The following falls into the category of Broadly Generalizing, but the issues need to be discussed. This isn’t the first time the subject has been discussed in this column and it’s probably far to say that the writer believe that it can’t be discussed enough.
Economic behaviors are often the result from decisions based on 1.) no knowledge and no sound basis for action; 2.) limited and possibly incorrect, unconfirmed or lightly confirmed, information; 3.) selective, subjective data that confirms a preconceived idea (confirmation bias). Real estate behavior is no exception and investment decisions are not always based on sound logic or accurate data.
Technology and human nature make for a potent combination in producing illogical and incorrect results and aiding in self-fulfilling prophesies. Feed enough data into a program and something is bound to result to make sense to somebody.

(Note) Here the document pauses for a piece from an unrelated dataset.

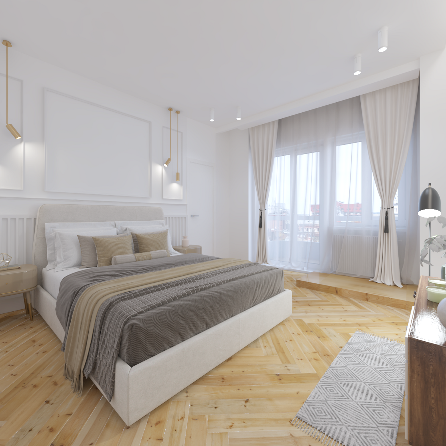 In the master bedroom, the layout includes a double bed and a console (you may place a mirror instead of artwork above it if you prefer). A full-width curtain was designed for the window and terrace door. The fabric, color, and material of this curtain, as well as the wall design, bed, and bedside lamps, were carefully coordinated to create a warm and refined atmosphere.

Real estate market observation can be like that too. The data is the data but the human element – the interpretation of the data – the “last mile” in understanding markets. It’s important to know what others think of the data; what is it saying to them? Considering the source is critical in evaluating anecdotal data in order) for it to be part of the empirical research? Does the source fall into any of the three categories in the first paragraph?
Despite all the data analysis tool available, real estate markets still consist of relatively sparse data points. They operate in sectors that have slow dynamics with changes coming slowly, and are subtly nuanced with the results of changes not often immediately apparent. Large scale events - say COVID - have plenty of potential ramifications that may not become apparent. While stocks markets respond to events somewhat reflexively, the long horizons of real estate may not even twitch in the short terms. Longer term, the moves may be huge.

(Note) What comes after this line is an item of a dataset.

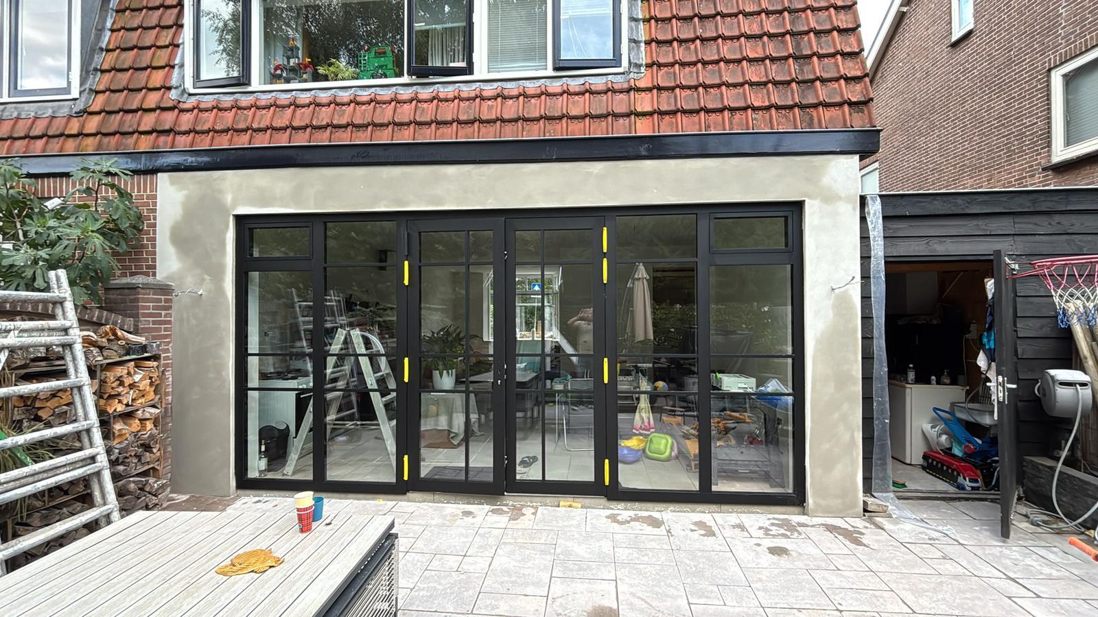 Amersfoort: uitbouw met lichtstraat, houten plafond en zwarte aluminium schuifpui. RC 5,0, volledig vergunningsvrij gebouwd.

Investment real estate markets are long term. A quarter or two of bad economic news isn’t going to affect the bricks and mortar... Assets lack the immediate liquidity that is available in the stock and bond markets. While that may be a good thing, it also means that investments should not be entered lightly; getting in is easier than getting out, most of the time. Given the heights of CRE markets achieved post-COVID and the resulting deceleration, it’s clear that growth and decline are cyclical, and that each sea change is caused by a new set of events that are different in terms of their weighting in each cycle.
The foundation of more than one real estate bust has been built on running with the herd, relying on technology driven forecasts, and overlaid by the facile conclusions of media and prognosticators. What may really be going on may have to be read “in between the lines,” reading trends and forecasts as useful data points and adding the intelligence gathered from being “on the street,” blending both big data and reliable anecdotal, primary information.

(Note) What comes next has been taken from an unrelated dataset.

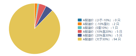 本周有94只A股溢价超过30%,5只溢价在20%至30%之间,5只在溢价10%至20%之间,1只溢价在0-10%之间,2只溢价在-10%至0之间。

The best investors seem to understand the asset, both quantitatively and qualitatively, and are willing to pay a fair price for it. Once the decision is made, after the fact analyst can punch up appropriate support. The best investors turn down far more deals than they accept.
Much pessimism seem to exist in commercial real estate. That’s not entirely justified: ongoing pessimism is as bad as “irrational’ optimism. The economy is not in bad shape, even though many think it should be better than it is.
Residential markets are a cause for concern. Tight supply limits buyers’ choices. High rates have decreased affordability. Price appreciation continues in most markets. Buyers are conditioned to pay over asking. The GSEs are working hard to make home ownership more affordable, perhaps at the expense of prudent lending.
The NAR settlement is likely to affect housing – exactly how remains to be seen – and the way homes are being bought and sold.
As a former appraisal teacher was fond of saying, “Trees don’t grow to the sky.” (This is a German proverb: “Bäume wachsen nicht in den Himmel.” My high school German isn’t responsible for any translation issues.) The phrase suggests that there are natural limits to growth and improvement. While the saying is attributed to the limits of companies’ growth, it is a concept that applies to real estate.
In uncertain markets, running with the herd can be dangerous since there’s no way to know when the herd decides to turn, stop, or reverse course. Common sense, supported by good data and good data analysis, and critical thinking should rule in the end. Dig deeply into transactions and trend. Ask questions. Talk to people, not screens. Then act based on strong data, supported by several sources.
(The original article was written in 2015. I took another look at the issue in 2022. Given what is going on in 2024, it was well worth revisiting the subject.)
William Pastuszek, Jr., MAI, ASA, MRA heads up Shepherd Associates LLC, Needham, Mass.